# PROBLEM TO SOLVE
Below are the records; give again exactly the line with "- Molded forward", the line with "Crafted from sterling", and each line that lies between them, and nothing besides.

Records from a dataset
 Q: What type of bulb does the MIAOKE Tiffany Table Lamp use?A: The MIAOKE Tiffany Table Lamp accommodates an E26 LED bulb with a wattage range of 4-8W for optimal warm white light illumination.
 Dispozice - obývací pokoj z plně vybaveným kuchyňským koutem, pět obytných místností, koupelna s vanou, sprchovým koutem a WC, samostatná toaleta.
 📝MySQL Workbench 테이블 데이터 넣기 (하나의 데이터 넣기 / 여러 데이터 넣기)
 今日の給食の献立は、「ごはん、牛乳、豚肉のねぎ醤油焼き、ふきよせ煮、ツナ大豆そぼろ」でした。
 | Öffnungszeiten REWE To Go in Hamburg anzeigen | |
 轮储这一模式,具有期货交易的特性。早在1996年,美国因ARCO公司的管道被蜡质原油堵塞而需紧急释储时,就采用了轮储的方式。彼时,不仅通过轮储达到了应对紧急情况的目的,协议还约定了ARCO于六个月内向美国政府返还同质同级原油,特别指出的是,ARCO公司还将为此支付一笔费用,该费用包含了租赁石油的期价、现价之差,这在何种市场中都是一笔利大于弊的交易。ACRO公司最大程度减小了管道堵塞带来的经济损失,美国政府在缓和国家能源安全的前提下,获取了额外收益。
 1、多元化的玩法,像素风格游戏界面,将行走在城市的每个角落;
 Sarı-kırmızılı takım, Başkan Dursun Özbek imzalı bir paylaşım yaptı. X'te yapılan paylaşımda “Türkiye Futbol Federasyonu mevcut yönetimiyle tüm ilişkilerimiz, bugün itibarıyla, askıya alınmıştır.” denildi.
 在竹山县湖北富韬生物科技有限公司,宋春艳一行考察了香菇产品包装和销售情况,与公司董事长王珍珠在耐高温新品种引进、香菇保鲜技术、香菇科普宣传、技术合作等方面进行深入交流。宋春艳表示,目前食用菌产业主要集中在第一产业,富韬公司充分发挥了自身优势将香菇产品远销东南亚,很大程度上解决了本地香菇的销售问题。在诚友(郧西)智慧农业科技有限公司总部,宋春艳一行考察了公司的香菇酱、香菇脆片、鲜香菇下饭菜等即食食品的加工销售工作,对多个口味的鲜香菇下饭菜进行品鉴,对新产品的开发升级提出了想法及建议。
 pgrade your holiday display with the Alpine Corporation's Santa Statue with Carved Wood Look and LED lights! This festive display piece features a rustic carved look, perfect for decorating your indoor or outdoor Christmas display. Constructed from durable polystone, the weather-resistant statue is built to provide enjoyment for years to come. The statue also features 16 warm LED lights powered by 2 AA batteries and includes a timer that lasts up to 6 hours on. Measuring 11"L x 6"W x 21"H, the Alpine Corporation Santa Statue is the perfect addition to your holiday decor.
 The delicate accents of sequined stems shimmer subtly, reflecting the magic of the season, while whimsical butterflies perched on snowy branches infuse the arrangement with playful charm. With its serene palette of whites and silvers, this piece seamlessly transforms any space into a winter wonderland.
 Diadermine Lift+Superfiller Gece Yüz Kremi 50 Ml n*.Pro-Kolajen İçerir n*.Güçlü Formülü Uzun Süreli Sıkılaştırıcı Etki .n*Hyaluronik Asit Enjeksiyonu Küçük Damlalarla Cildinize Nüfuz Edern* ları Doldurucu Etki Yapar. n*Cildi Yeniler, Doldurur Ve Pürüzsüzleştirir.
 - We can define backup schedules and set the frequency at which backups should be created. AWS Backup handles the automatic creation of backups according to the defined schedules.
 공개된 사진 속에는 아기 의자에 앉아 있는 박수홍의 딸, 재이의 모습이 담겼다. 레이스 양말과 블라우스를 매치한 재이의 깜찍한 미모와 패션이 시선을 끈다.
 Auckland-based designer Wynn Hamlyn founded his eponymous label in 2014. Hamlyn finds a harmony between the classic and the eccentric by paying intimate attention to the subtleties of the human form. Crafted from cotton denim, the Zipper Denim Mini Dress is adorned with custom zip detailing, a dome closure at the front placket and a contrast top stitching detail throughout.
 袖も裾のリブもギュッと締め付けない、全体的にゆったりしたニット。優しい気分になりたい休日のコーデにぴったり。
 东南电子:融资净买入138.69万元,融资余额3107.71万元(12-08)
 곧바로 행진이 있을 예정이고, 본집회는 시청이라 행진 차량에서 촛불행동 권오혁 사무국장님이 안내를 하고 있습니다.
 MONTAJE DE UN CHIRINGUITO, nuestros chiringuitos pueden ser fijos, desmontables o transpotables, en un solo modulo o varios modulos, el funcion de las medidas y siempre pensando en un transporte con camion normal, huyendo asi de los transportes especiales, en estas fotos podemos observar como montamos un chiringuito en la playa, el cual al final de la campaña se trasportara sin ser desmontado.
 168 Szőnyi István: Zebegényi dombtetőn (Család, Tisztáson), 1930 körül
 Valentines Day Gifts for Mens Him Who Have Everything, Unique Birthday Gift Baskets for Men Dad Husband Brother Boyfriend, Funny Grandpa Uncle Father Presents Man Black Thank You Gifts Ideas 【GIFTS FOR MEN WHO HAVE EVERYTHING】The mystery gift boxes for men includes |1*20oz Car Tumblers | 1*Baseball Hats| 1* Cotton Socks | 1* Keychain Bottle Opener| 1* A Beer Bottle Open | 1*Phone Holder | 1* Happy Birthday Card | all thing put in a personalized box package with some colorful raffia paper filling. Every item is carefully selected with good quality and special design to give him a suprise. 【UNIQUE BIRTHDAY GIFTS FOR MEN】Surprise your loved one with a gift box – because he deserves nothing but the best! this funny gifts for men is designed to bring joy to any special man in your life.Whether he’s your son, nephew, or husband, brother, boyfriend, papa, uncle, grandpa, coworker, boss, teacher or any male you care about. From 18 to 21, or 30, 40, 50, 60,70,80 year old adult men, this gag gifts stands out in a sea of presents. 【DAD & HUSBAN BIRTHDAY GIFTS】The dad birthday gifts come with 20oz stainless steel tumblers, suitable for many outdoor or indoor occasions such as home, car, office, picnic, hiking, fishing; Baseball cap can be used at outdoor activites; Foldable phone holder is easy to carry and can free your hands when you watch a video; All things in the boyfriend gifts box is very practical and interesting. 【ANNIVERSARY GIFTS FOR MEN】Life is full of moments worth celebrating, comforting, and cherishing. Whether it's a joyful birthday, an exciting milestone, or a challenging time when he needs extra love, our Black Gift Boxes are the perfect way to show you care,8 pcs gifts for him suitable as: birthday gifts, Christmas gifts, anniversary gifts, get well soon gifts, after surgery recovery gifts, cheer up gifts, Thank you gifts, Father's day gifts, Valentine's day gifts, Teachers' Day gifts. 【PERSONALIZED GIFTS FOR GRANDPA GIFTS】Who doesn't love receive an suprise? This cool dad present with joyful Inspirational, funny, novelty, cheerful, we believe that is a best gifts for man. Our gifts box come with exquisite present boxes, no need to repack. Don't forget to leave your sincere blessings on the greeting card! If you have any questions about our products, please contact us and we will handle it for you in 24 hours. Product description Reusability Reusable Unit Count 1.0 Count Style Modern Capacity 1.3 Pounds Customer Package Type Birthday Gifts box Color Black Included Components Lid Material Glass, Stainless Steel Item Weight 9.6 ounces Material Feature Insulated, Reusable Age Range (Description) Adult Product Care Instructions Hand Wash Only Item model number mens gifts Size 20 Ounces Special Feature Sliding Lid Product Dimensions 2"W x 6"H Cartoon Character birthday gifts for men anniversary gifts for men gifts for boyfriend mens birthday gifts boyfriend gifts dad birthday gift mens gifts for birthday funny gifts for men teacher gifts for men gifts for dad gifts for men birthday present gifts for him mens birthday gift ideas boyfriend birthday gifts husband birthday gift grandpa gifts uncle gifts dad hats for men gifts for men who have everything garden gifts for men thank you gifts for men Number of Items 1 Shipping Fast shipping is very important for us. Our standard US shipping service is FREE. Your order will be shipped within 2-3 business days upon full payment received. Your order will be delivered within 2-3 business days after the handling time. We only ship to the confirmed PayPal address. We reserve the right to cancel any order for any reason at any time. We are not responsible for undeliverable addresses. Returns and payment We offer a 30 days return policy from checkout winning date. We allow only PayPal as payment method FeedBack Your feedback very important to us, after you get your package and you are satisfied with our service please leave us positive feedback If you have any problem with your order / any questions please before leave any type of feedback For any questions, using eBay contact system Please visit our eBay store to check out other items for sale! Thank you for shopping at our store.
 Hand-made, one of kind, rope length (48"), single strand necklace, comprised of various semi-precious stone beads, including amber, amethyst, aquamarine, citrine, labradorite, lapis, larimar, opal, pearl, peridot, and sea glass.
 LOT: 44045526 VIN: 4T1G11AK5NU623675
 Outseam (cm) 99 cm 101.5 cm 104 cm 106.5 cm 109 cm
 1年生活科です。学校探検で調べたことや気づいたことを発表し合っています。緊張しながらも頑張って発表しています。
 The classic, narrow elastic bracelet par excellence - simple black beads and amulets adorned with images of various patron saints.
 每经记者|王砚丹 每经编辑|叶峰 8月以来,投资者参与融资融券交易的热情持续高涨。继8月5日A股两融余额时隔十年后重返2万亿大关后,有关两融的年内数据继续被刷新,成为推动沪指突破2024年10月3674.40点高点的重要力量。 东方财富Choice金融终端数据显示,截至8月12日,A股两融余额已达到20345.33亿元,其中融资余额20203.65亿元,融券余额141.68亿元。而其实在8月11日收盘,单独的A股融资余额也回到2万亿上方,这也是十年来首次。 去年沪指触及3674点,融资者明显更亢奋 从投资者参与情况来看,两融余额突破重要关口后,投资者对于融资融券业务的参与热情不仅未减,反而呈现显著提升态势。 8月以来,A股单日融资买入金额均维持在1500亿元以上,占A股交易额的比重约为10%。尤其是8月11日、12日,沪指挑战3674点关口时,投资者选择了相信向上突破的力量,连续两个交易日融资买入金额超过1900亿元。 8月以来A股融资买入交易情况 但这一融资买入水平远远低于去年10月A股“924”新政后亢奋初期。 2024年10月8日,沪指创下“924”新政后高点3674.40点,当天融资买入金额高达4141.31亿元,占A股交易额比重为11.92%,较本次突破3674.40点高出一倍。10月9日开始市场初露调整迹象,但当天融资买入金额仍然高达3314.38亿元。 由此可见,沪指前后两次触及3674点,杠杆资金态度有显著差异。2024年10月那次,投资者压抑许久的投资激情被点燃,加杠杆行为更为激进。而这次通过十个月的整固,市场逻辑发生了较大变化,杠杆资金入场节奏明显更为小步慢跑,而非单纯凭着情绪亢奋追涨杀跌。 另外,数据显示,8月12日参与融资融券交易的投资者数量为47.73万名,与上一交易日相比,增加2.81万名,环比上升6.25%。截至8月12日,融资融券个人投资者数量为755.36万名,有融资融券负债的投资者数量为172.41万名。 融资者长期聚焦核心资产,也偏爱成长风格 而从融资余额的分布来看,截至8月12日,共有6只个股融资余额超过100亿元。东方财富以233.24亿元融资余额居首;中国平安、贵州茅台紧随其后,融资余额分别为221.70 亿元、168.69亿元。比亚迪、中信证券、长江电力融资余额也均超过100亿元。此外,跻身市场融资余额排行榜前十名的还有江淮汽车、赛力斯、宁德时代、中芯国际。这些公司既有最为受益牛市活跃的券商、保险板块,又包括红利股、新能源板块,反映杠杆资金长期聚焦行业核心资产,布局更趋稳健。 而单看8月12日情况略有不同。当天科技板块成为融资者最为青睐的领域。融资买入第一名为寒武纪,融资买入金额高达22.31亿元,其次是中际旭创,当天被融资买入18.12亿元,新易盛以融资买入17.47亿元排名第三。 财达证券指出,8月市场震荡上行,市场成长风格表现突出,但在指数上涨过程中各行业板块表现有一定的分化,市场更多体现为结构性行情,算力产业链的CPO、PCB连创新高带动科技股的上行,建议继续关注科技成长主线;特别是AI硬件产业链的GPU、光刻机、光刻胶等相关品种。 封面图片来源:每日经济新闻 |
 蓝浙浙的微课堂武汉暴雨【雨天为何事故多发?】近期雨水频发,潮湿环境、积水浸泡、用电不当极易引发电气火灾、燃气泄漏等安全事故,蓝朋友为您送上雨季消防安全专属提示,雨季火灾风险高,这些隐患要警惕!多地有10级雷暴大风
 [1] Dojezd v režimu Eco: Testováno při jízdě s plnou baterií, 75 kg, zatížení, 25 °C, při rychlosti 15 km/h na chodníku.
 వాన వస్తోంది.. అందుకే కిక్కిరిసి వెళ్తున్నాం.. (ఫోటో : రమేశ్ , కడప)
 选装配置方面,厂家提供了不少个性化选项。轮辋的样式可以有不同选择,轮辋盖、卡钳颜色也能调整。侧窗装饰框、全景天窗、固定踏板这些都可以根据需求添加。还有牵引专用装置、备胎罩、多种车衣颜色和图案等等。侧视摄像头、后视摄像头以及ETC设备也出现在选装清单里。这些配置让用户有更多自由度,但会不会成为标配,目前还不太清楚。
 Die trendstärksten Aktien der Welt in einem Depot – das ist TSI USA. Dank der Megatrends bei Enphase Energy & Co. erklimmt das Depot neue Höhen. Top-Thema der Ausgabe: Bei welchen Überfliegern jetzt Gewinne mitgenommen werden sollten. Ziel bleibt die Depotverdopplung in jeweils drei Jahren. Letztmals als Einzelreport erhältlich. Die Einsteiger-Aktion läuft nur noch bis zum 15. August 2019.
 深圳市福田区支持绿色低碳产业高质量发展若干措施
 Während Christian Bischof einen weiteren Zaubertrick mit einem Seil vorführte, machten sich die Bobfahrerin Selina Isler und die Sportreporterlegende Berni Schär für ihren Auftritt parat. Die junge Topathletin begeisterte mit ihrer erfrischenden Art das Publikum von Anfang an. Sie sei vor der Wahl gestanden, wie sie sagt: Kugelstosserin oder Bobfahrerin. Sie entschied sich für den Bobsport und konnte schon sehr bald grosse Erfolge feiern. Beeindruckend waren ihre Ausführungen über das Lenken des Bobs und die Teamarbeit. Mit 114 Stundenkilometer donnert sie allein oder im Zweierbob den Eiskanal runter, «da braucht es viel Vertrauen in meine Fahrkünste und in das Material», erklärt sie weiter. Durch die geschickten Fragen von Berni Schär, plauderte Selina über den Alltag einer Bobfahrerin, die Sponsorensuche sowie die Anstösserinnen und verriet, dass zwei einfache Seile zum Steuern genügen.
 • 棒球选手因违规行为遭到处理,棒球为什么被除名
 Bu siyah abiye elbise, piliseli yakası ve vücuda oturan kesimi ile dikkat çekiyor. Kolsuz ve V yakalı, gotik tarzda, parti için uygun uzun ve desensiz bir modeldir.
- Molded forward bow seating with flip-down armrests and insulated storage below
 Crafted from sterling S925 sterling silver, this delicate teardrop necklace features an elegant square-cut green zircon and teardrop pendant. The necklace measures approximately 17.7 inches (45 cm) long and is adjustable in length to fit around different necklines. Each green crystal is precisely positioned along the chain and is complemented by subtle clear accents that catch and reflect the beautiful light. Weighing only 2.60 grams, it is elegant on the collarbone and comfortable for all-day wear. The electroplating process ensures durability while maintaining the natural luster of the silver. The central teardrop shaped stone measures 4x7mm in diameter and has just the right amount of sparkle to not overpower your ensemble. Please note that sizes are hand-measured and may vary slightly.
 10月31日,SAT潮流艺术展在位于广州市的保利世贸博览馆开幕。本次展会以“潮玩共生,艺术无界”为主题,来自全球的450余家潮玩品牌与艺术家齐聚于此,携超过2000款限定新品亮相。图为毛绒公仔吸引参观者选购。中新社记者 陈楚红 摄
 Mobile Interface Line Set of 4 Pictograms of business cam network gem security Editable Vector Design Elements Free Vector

# ANSWER TO THIS PROBLEM
- Molded forward bow seating with flip-down armrests and insulated storage below
 Crafted from sterling S925 sterling silver, this delicate teardrop necklace features an elegant square-cut green zircon and teardrop pendant. The necklace measures approximately 17.7 inches (45 cm) long and is adjustable in length to fit around different necklines. Each green crystal is precisely positioned along the chain and is complemented by subtle clear accents that catch and reflect the beautiful light. Weighing only 2.60 grams, it is elegant on the collarbone and comfortable for all-day wear. The electroplating process ensures durability while maintaining the natural luster of the silver. The central teardrop shaped stone measures 4x7mm in diameter and has just the right amount of sparkle to not overpower your ensemble. Please note that sizes are hand-measured and may vary slightly.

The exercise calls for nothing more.